Segment Open

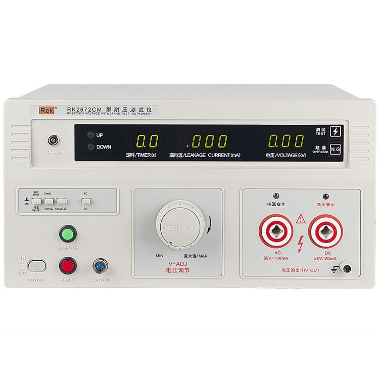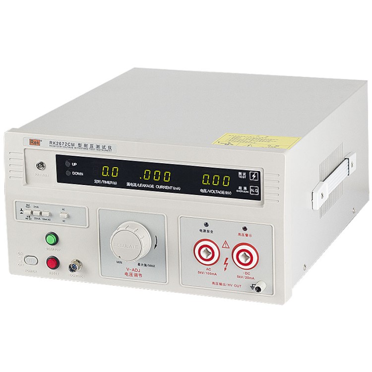 美瑞克RK2672系列耐壓測試儀是測量耐壓強度的儀器,可以直觀、準(zhǔn)確、快速地測試各種被測對象的擊穿電壓、漏電流等電氣安全性能指標(biāo),并可以作為高壓源用來測試元器件和整機性能。
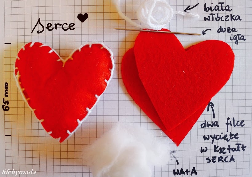 Do stworzenia zawieszek idealnie nadał się filc. Bardzo się dobrze z nim pracuje i jest szybki w obróbce. Przy każdej ozdobie najwięcej czasu zajęło mi jej obszycie. Szyłam według opisu, który wam pokazałam w poprzednim tutorialu ze świąteczną poduszką diy - zobacz TUTAJ.
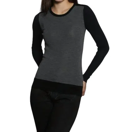 The ultimate go-to sweater, expertly crafted to provide the perfect combination of warmth and style. Its classic design and soft fabric make it a must-have addition to your wardrobe.Fine gauge rib pullover in super fine merino wool, features contrast sleeves and blocked back panel. 100% Extrafine Merino Wool. Hand Wash or Dry Clean.
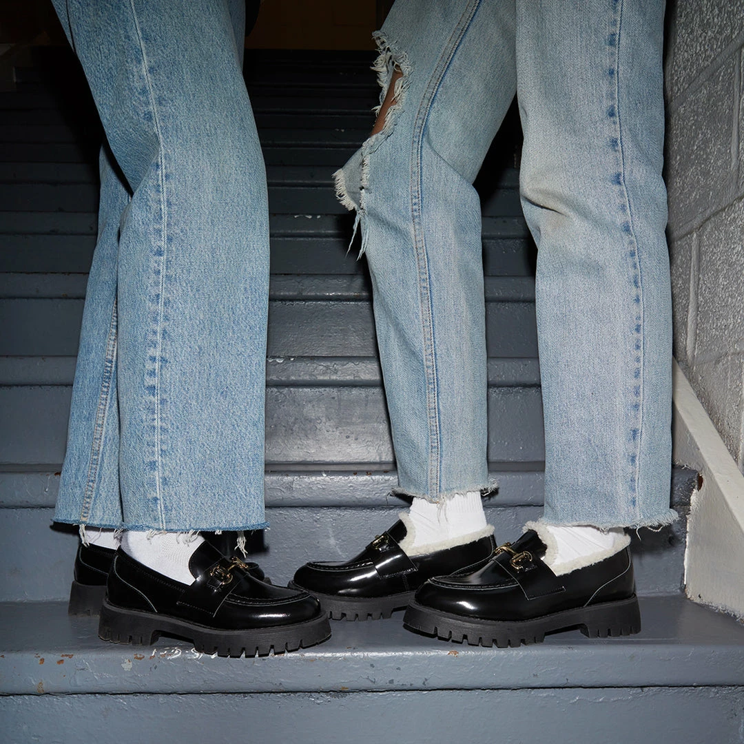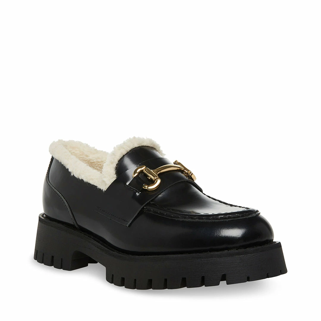 LANDO-F is a leather bit loafer lined in faux shearling and set on a substantial lug sole.
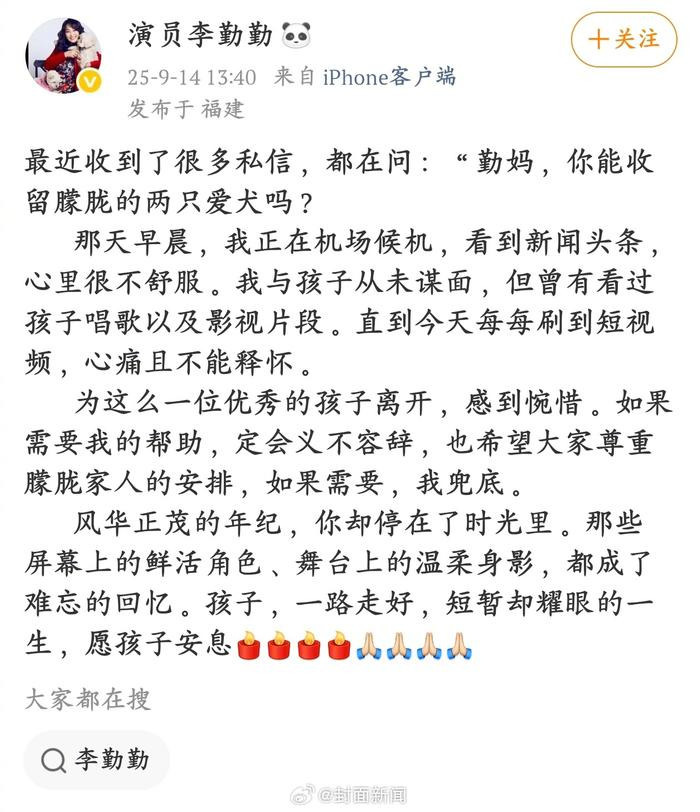 9月14日,@演员李勤勤发文:最近收到了很多私信,都在问:“勤妈,你能收留朦胧的两只爱犬吗?那天早晨,我正在机场候机,看到新闻头条,心里很不舒服。我与孩子从未谋面,但曾有看过孩子唱歌以及影视片段。直到今天每每刷到短视频,心痛且不能释怀。为这么一位优秀的孩子离开,感到惋惜。如果需要我的帮助,定会义不容辞,也希望大家尊重朦胧家人的安排,如果需要,我兜底。风华正茂的年纪,你却停在了时光里。那些屏幕上的鲜活角色、舞台上的温柔身影,都成了难忘的回忆。孩子,一路走好,短暂却耀眼的一生,愿孩子安息。#于朦胧[超话]#

Segment Closed

Exercise details:
Word for word, return the entries above, but without any pictures.

Expected answer:
 美瑞克RK2672系列耐壓測試儀是測量耐壓強度的儀器,可以直觀、準(zhǔn)確、快速地測試各種被測對象的擊穿電壓、漏電流等電氣安全性能指標(biāo),并可以作為高壓源用來測試元器件和整機性能。
 Do stworzenia zawieszek idealnie nadał się filc. Bardzo się dobrze z nim pracuje i jest szybki w obróbce. Przy każdej ozdobie najwięcej czasu zajęło mi jej obszycie. Szyłam według opisu, który wam pokazałam w poprzednim tutorialu ze świąteczną poduszką diy - zobacz TUTAJ.
 The ultimate go-to sweater, expertly crafted to provide the perfect combination of warmth and style. Its classic design and soft fabric make it a must-have addition to your wardrobe.Fine gauge rib pullover in super fine merino wool, features contrast sleeves and blocked back panel. 100% Extrafine Merino Wool. Hand Wash or Dry Clean.
 LANDO-F is a leather bit loafer lined in faux shearling and set on a substantial lug sole.
 9月14日,@演员李勤勤发文:最近收到了很多私信,都在问:“勤妈,你能收留朦胧的两只爱犬吗?那天早晨,我正在机场候机,看到新闻头条,心里很不舒服。我与孩子从未谋面,但曾有看过孩子唱歌以及影视片段。直到今天每每刷到短视频,心痛且不能释怀。为这么一位优秀的孩子离开,感到惋惜。如果需要我的帮助,定会义不容辞,也希望大家尊重朦胧家人的安排,如果需要,我兜底。风华正茂的年纪,你却停在了时光里。那些屏幕上的鲜活角色、舞台上的温柔身影,都成了难忘的回忆。孩子,一路走好,短暂却耀眼的一生,愿孩子安息。#于朦胧[超话]#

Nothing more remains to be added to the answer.